» ASSIGNMENT
Set out exactly, line by line, the stretch of data below that begins at the line containing "Гормоны работают в" and ends at the line containing "Upstairs, you'll find", with both ends kept.
LISTED RECORDS section start
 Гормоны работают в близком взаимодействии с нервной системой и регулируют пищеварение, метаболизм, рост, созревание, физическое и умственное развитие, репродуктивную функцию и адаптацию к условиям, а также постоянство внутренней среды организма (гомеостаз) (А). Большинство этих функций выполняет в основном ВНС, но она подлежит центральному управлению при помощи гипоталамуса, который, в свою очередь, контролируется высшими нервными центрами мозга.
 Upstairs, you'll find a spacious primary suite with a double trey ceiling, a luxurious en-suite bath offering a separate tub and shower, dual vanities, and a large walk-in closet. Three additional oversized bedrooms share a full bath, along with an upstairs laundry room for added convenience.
LISTED RECORDS section end
LISTED RECORDS section start
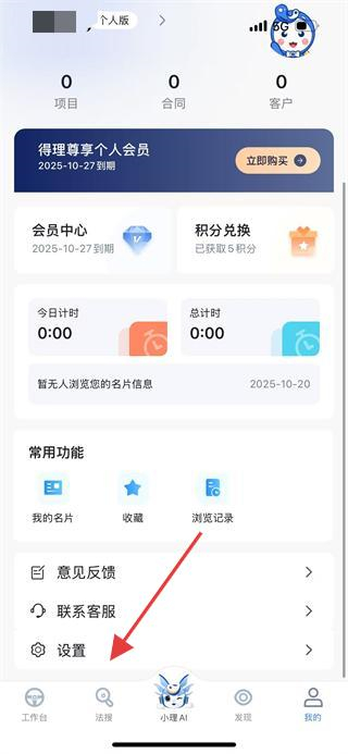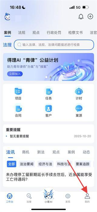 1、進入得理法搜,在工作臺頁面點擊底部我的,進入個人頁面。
LISTED RECORDS section end
LISTED RECORDS section start
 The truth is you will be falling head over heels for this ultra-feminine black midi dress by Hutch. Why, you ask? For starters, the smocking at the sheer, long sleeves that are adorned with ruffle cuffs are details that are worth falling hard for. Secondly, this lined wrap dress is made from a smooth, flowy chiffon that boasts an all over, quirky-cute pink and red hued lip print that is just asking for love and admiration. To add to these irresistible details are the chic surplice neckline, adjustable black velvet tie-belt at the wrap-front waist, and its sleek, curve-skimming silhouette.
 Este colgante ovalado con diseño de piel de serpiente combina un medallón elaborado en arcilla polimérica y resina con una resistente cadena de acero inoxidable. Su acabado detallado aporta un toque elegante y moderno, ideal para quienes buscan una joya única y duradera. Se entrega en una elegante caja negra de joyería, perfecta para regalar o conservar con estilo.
LISTED RECORDS section end
» SOLUTION FOR THIS PROBLEM
 Гормоны работают в близком взаимодействии с нервной системой и регулируют пищеварение, метаболизм, рост, созревание, физическое и умственное развитие, репродуктивную функцию и адаптацию к условиям, а также постоянство внутренней среды организма (гомеостаз) (А). Большинство этих функций выполняет в основном ВНС, но она подлежит центральному управлению при помощи гипоталамуса, который, в свою очередь, контролируется высшими нервными центрами мозга.
 Upstairs, you'll find a spacious primary suite with a double trey ceiling, a luxurious en-suite bath offering a separate tub and shower, dual vanities, and a large walk-in closet. Three additional oversized bedrooms share a full bath, along with an upstairs laundry room for added convenience.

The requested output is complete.